▸ **Your objective**: Could you retype the records below exactly as they appear, skipping any pictures?

▸ **Source data**:
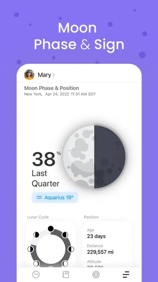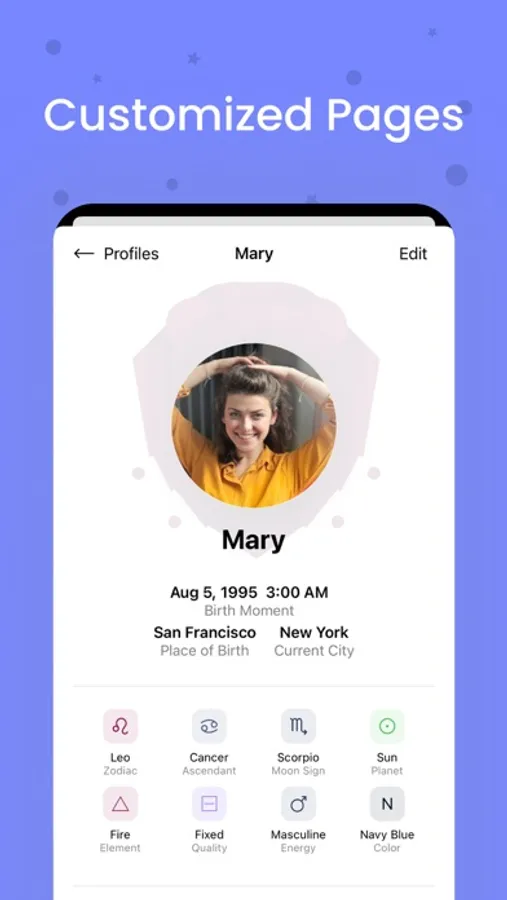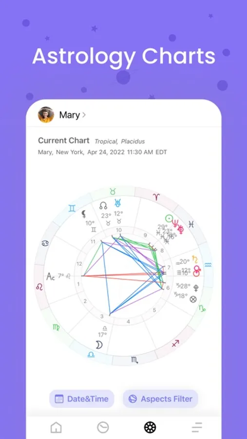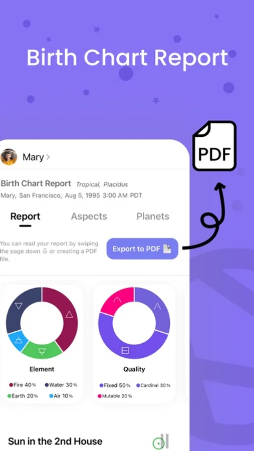 You can follow instant astrological changes with a modern and simple interface. By creating profiles of yourself and your loved ones, you can review the birth charts and share the report as a PDF.
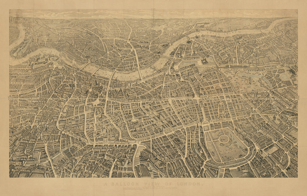 Este mapa de 1851, titulado "Una vista en globo de Londres (vista desde Hampstead)", ofrece una perspectiva única de la ciudad, como si se viera desde un globo aerostático flotando sobre Hampstead Heath. Este extraordinario punto de vista ofrece una vista incomparable del paisaje urbano de Londres durante un período de rápido crecimiento y transformación.
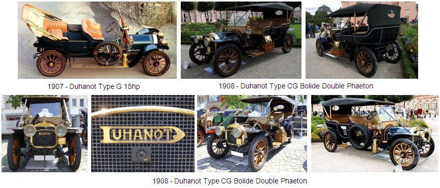 La marca Duhanot debutó en 1907 con una gama de 6 modelos diferentes con motores de entre 10hp y 35hp. La gama se redujo a 3 modelos poco después de su lanzamiento.
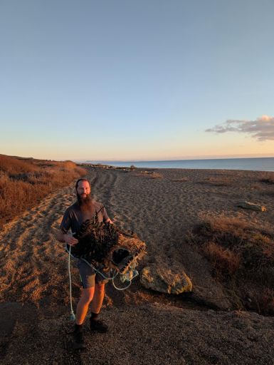Run along the beach with my brother and a bonus lobster pot!
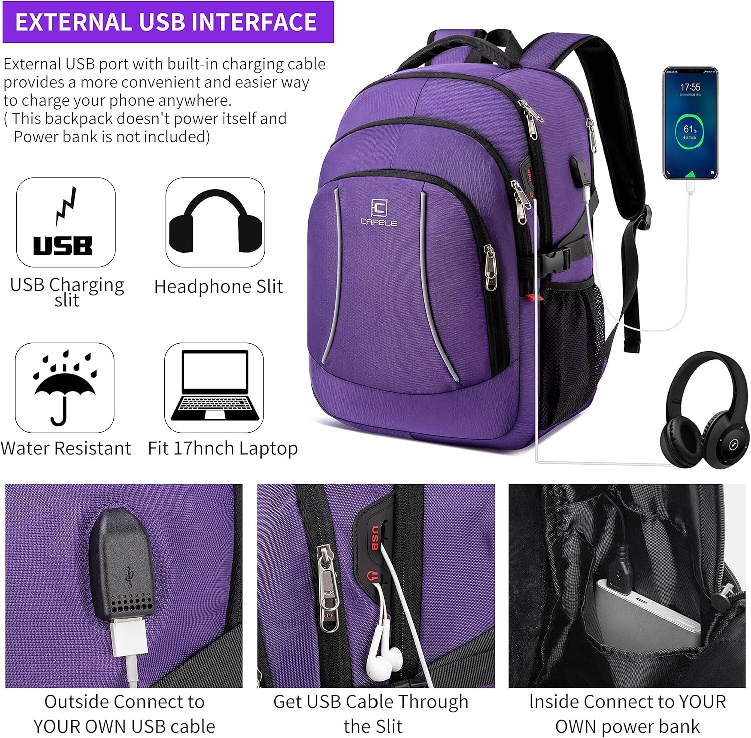 Travel Laptop Backpack, Inch Large Capacity College School Bookbags,RFID Anti Theft Pocket,Durable Water Resistant Backpacks Computer bagpack for Women Girls Teenagers Casual Daypack,Purple Large Capacity and Organized: Men travel backpack owns 20+ independent pockets for large storage and organization for small items. 4 spacious main multi compartments with many hidden pockets can accommodate lots of stuffs like college supplies, travel accessories, stationery, notebook, cord organizer, side elastic net pockets conveniently hold travel gear umbrellas or water bottles. Ideal book bag backpack great gifts for family and friends. Multipurpose RFID BACKPACK & ANTI THEFT: An RFID pocket with RFID function helps protect personal data encoded on your credit card, ID card and big backpack is perfect for indoor/outdoor activities. Served as sturdy large backpack, large school backpack for teen boys/girls, large laptop bag or spacious college backpack, you can use it at anywhere for International travel, camping, hiking and overnight trip. Practical and Convenient: External USB port with set-in charging cable offers convenient charging your cell. A hole for head outside gives easy access to ear , the student backpack with a sturdy rugged handle on the top for carrying, side compression straps keep the exclusive backpack at whatever size you requires. As a men's/women's backpack, you will enjoy it's fashionable, comfortable and convenient BANK is not included) FUNCTIONAL & Comfortable: A well-knitted luggage strap is quite convenient to fix the backpack on the trolley of your luggage, making your journey and travelling more relaxing. Soft multi-panel ventilated padding makes maximum back air flow and support. Breathable and adjustable shoulder straps relieve the stress of shoulder. One sides of the shoulder strap with lanyard design, can hang sunglasses and other small pendants. Premium Book bags for men, also computer backpack for women. DIMENSION & DURABLE MATERIAL - Size of extra large college **, perfect to throw under your seat on an airplane when you are traveling or on business trip.Separate padded laptop compartment fits most 13, 14, 15, , 16, 17, and up to inch laptop/Ipad/ business computer backpack made from high quality polyester fabric shockproof with high density nylon lining for better TEAR & WATER RESISTANT and Lightweight 6 s old.

▸ **Exercise result**:
 You can follow instant astrological changes with a modern and simple interface. By creating profiles of yourself and your loved ones, you can review the birth charts and share the report as a PDF.
 Este mapa de 1851, titulado "Una vista en globo de Londres (vista desde Hampstead)", ofrece una perspectiva única de la ciudad, como si se viera desde un globo aerostático flotando sobre Hampstead Heath. Este extraordinario punto de vista ofrece una vista incomparable del paisaje urbano de Londres durante un período de rápido crecimiento y transformación.
 La marca Duhanot debutó en 1907 con una gama de 6 modelos diferentes con motores de entre 10hp y 35hp. La gama se redujo a 3 modelos poco después de su lanzamiento.
Run along the beach with my brother and a bonus lobster pot!
 Travel Laptop Backpack, Inch Large Capacity College School Bookbags,RFID Anti Theft Pocket,Durable Water Resistant Backpacks Computer bagpack for Women Girls Teenagers Casual Daypack,Purple Large Capacity and Organized: Men travel backpack owns 20+ independent pockets for large storage and organization for small items. 4 spacious main multi compartments with many hidden pockets can accommodate lots of stuffs like college supplies, travel accessories, stationery, notebook, cord organizer, side elastic net pockets conveniently hold travel gear umbrellas or water bottles. Ideal book bag backpack great gifts for family and friends. Multipurpose RFID BACKPACK & ANTI THEFT: An RFID pocket with RFID function helps protect personal data encoded on your credit card, ID card and big backpack is perfect for indoor/outdoor activities. Served as sturdy large backpack, large school backpack for teen boys/girls, large laptop bag or spacious college backpack, you can use it at anywhere for International travel, camping, hiking and overnight trip. Practical and Convenient: External USB port with set-in charging cable offers convenient charging your cell. A hole for head outside gives easy access to ear , the student backpack with a sturdy rugged handle on the top for carrying, side compression straps keep the exclusive backpack at whatever size you requires. As a men's/women's backpack, you will enjoy it's fashionable, comfortable and convenient BANK is not included) FUNCTIONAL & Comfortable: A well-knitted luggage strap is quite convenient to fix the backpack on the trolley of your luggage, making your journey and travelling more relaxing. Soft multi-panel ventilated padding makes maximum back air flow and support. Breathable and adjustable shoulder straps relieve the stress of shoulder. One sides of the shoulder strap with lanyard design, can hang sunglasses and other small pendants. Premium Book bags for men, also computer backpack for women. DIMENSION & DURABLE MATERIAL - Size of extra large college **, perfect to throw under your seat on an airplane when you are traveling or on business trip.Separate padded laptop compartment fits most 13, 14, 15, , 16, 17, and up to inch laptop/Ipad/ business computer backpack made from high quality polyester fabric shockproof with high density nylon lining for better TEAR & WATER RESISTANT and Lightweight 6 s old.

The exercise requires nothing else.